PROBLEM STATEMENT:
Your output must be the lines below from the line containing "Natural Code 38" to the line containing "Camera are baie", both lines included, reproduced exactly and without pictures.

LISTED ENTRIES:
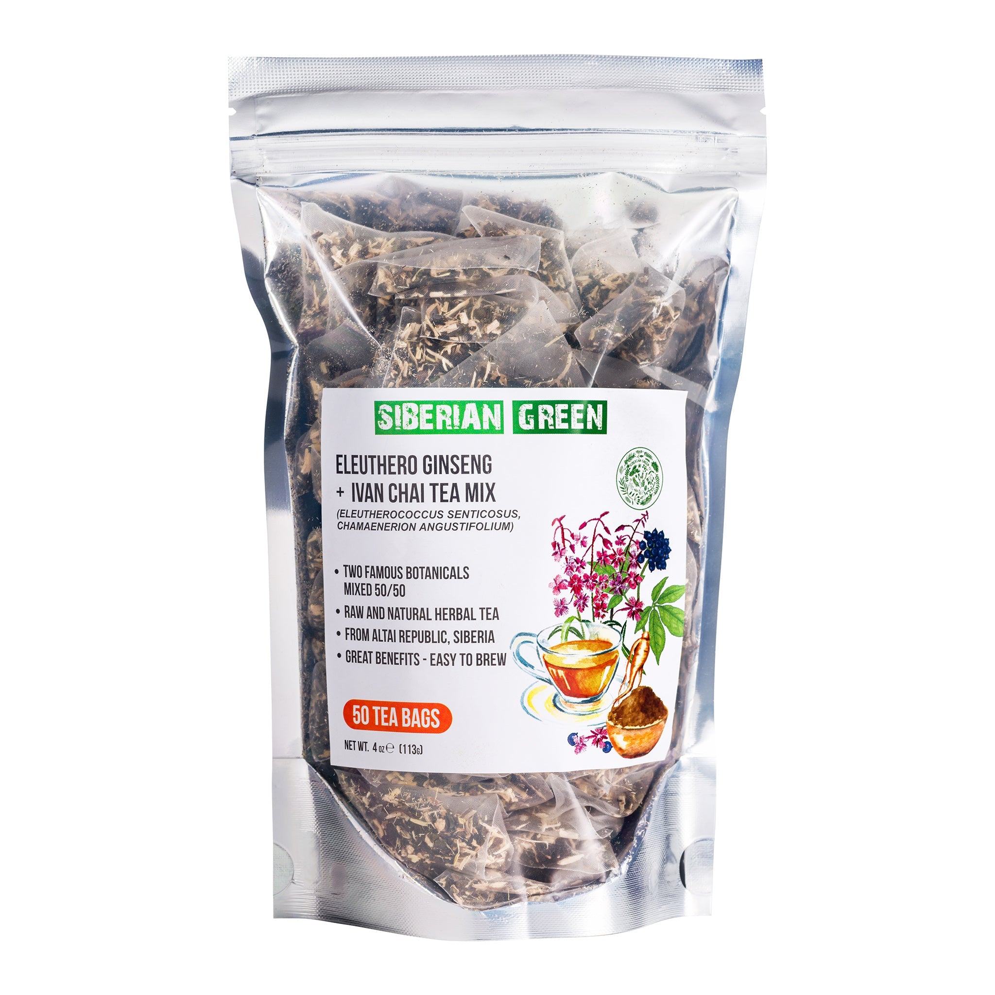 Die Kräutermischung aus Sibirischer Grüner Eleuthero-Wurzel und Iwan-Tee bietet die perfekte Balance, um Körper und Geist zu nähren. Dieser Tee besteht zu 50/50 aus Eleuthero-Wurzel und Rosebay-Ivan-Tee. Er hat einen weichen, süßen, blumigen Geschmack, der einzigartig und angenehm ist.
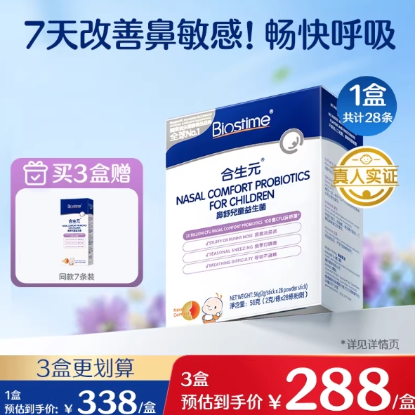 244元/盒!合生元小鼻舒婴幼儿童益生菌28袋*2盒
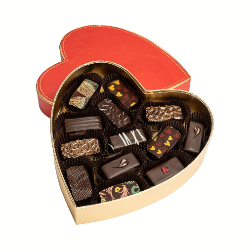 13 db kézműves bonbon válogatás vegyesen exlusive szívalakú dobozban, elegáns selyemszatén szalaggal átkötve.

==

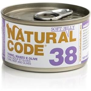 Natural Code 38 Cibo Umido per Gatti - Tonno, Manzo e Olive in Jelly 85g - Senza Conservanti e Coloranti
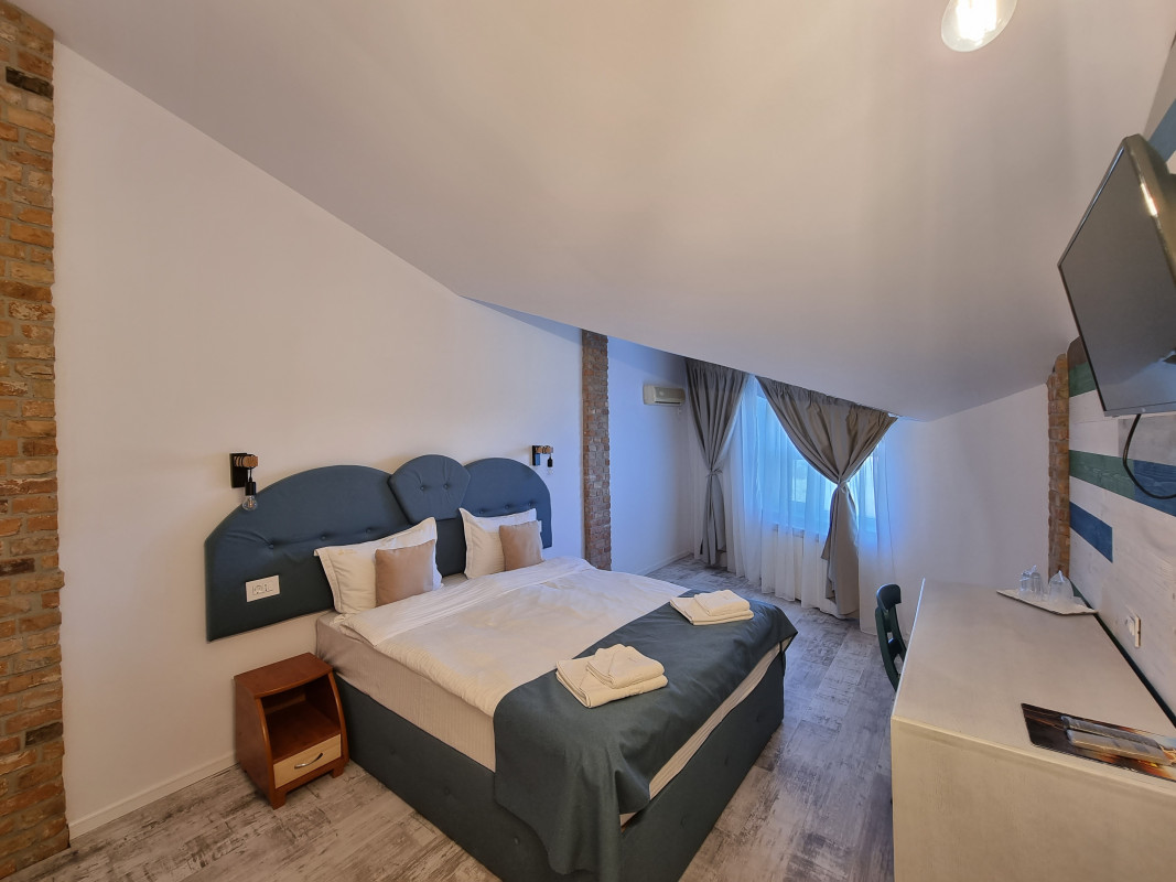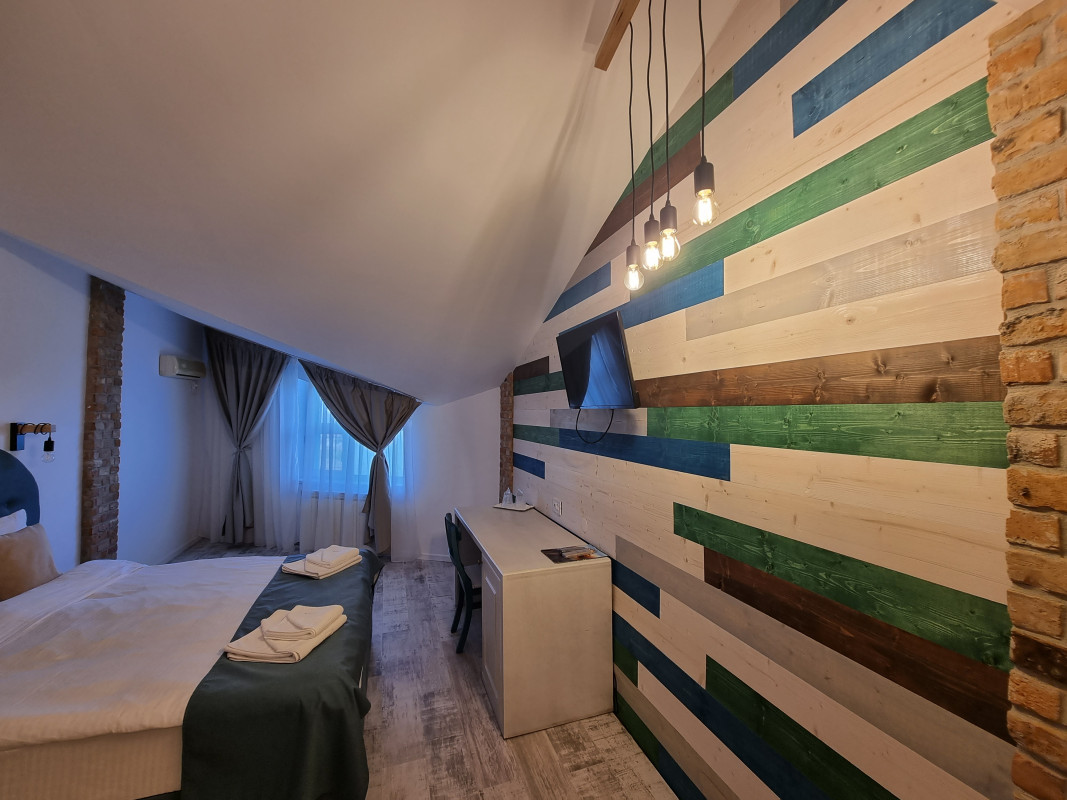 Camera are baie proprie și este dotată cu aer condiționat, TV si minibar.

RESPONSE TO THE TASK:
 Natural Code 38 Cibo Umido per Gatti - Tonno, Manzo e Olive in Jelly 85g - Senza Conservanti e Coloranti
 Camera are baie proprie și este dotată cu aer condiționat, TV si minibar.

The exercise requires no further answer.